**WORK TASK**
In the entries that follow, repeat exactly the lines from the one that has "Meanwhile, AWS's operating" through the one that has "of percussion. |", but omit pictures.

(SUPPLIED INFORMATION begins)

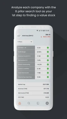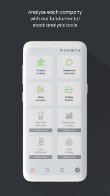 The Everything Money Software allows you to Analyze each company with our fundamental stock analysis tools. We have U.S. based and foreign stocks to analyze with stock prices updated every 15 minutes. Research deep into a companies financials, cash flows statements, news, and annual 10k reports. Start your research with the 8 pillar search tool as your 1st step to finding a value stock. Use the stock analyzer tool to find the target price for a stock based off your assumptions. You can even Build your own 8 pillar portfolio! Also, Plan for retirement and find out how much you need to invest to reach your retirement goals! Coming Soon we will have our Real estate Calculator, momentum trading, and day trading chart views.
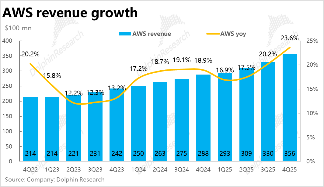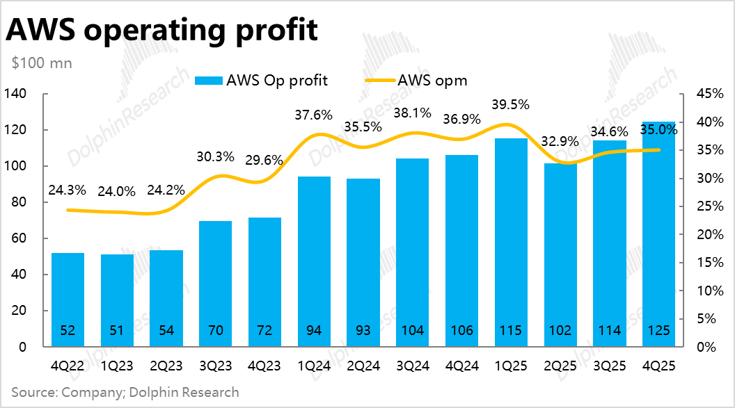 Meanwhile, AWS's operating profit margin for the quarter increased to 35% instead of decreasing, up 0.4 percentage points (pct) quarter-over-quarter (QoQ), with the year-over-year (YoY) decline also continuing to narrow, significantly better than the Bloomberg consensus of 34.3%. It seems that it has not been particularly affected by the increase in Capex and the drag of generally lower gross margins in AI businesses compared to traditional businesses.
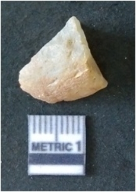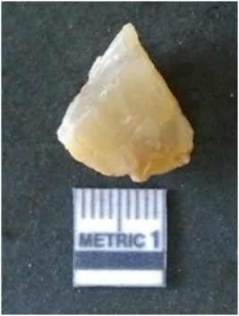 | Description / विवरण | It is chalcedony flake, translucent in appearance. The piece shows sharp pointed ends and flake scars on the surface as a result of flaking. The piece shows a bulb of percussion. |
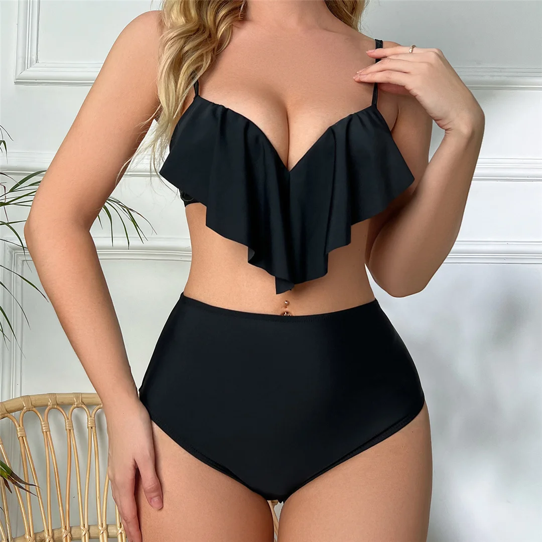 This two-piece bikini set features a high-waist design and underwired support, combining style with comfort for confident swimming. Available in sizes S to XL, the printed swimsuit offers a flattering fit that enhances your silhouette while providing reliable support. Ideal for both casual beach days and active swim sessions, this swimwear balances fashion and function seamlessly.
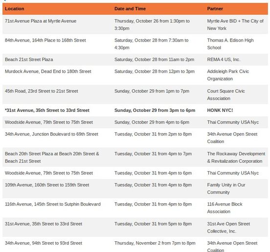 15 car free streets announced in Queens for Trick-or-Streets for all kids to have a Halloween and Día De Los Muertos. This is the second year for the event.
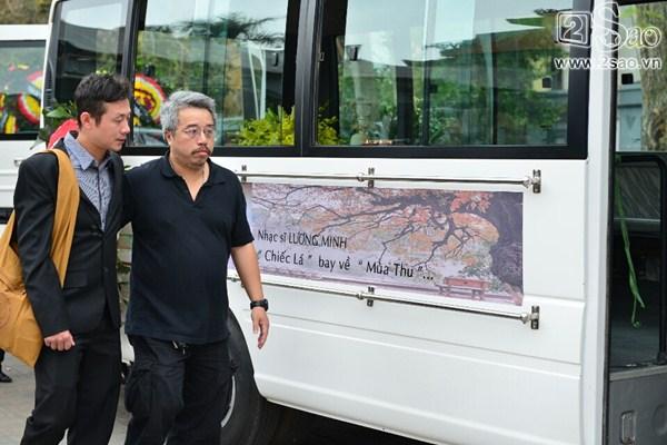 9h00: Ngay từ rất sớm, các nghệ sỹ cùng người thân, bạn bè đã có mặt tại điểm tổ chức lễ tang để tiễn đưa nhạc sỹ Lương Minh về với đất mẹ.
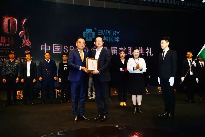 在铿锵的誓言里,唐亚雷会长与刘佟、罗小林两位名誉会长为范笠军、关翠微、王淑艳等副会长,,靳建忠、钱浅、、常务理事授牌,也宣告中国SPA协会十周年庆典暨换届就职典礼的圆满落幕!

(SUPPLIED INFORMATION ends)
(SUPPLIED INFORMATION begins)

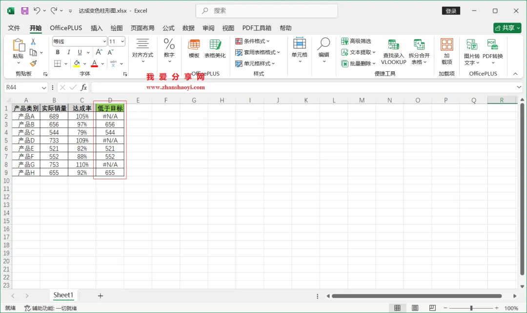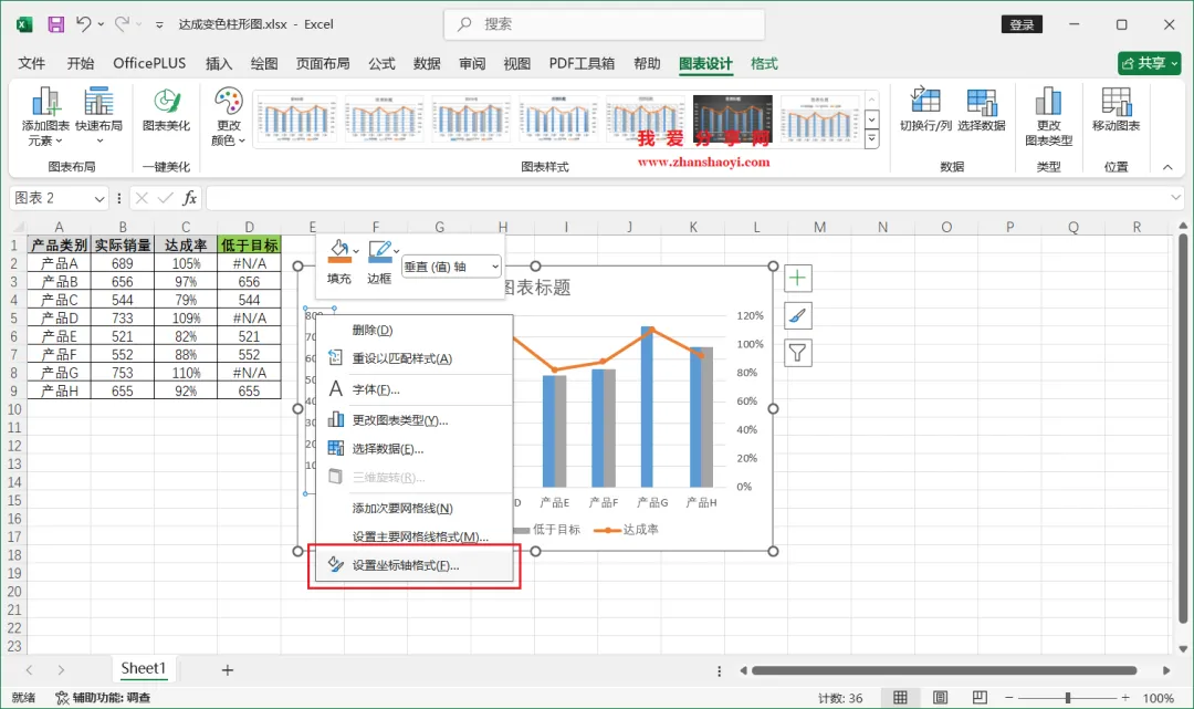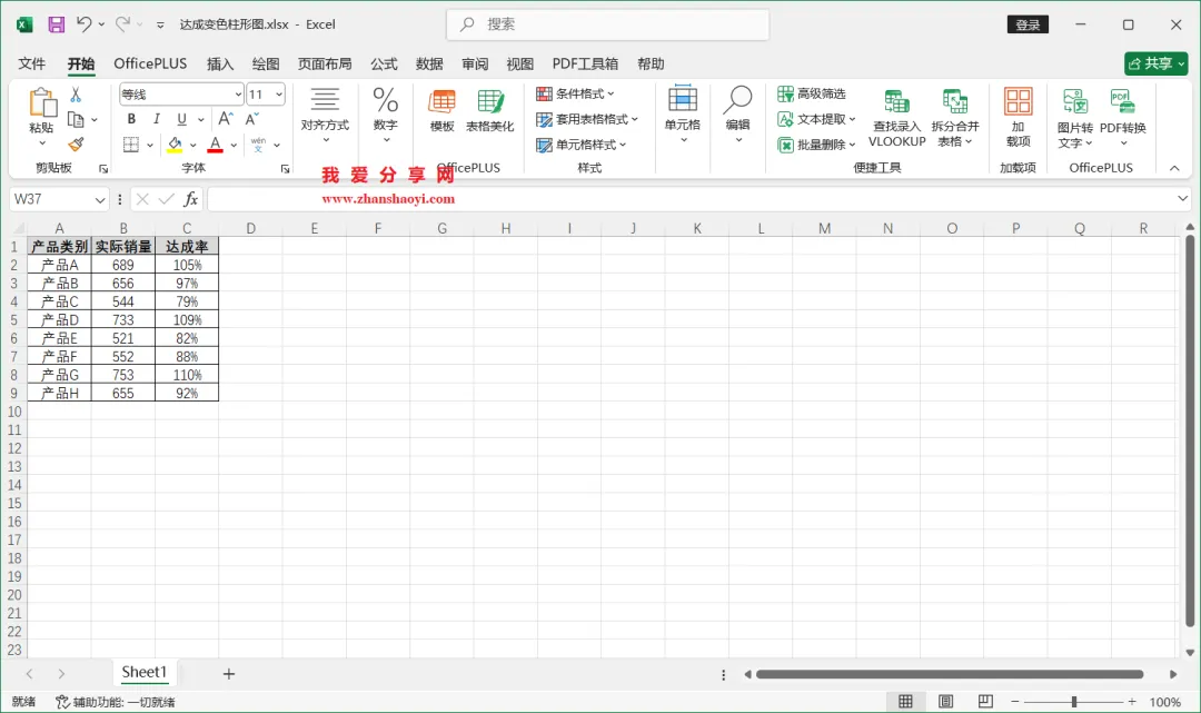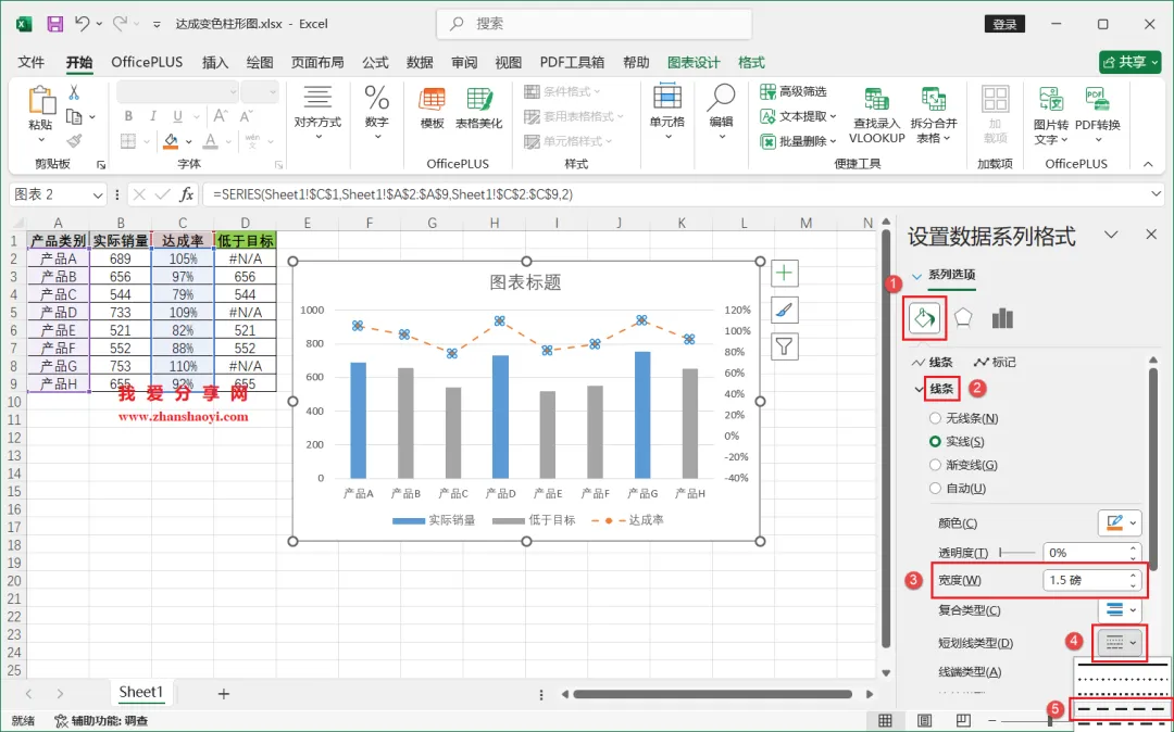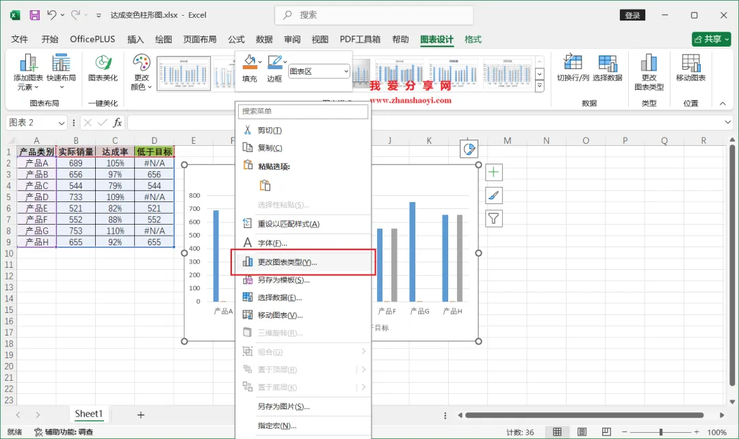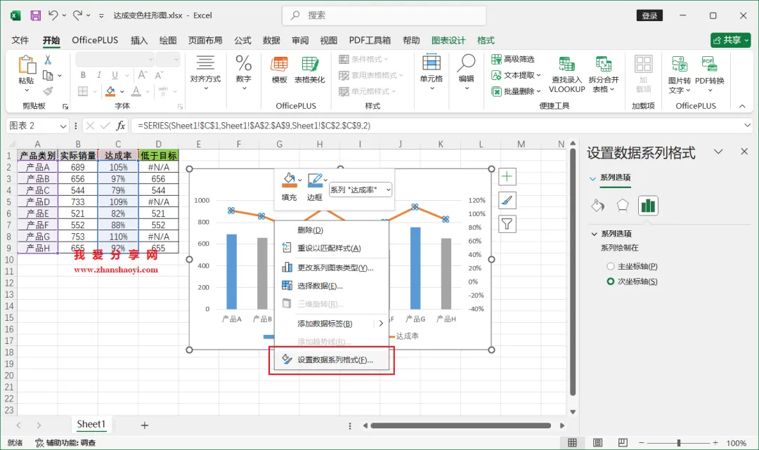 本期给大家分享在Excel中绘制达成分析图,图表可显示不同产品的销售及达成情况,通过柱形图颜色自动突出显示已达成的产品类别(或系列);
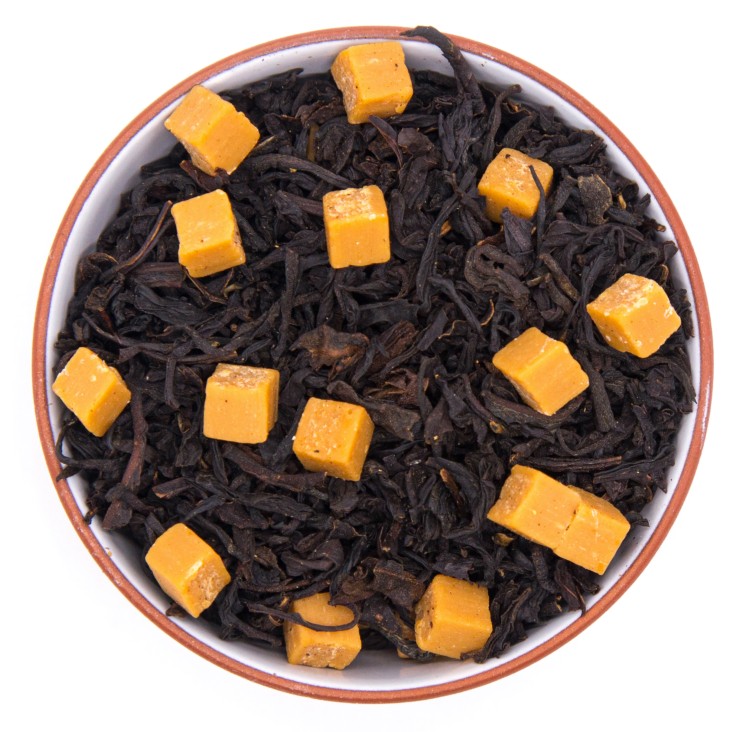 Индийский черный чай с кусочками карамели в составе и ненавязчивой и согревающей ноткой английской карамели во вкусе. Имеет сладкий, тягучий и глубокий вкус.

(SUPPLIED INFORMATION ends)
(SUPPLIED INFORMATION begins)

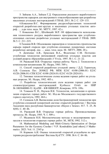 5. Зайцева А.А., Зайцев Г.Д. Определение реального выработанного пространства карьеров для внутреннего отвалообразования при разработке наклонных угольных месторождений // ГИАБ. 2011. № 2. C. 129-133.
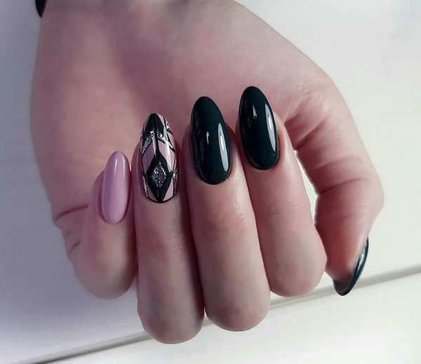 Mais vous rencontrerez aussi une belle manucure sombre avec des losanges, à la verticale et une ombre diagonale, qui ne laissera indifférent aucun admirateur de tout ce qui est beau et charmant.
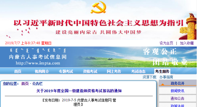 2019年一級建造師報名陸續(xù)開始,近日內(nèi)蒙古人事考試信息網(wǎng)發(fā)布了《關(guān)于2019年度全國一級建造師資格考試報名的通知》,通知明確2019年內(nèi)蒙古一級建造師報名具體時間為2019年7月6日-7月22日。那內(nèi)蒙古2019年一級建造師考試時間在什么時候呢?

(SUPPLIED INFORMATION ends)

**WRITTEN REPLY**
 Meanwhile, AWS's operating profit margin for the quarter increased to 35% instead of decreasing, up 0.4 percentage points (pct) quarter-over-quarter (QoQ), with the year-over-year (YoY) decline also continuing to narrow, significantly better than the Bloomberg consensus of 34.3%. It seems that it has not been particularly affected by the increase in Capex and the drag of generally lower gross margins in AI businesses compared to traditional businesses.
 | Description / विवरण | It is chalcedony flake, translucent in appearance. The piece shows sharp pointed ends and flake scars on the surface as a result of flaking. The piece shows a bulb of percussion. |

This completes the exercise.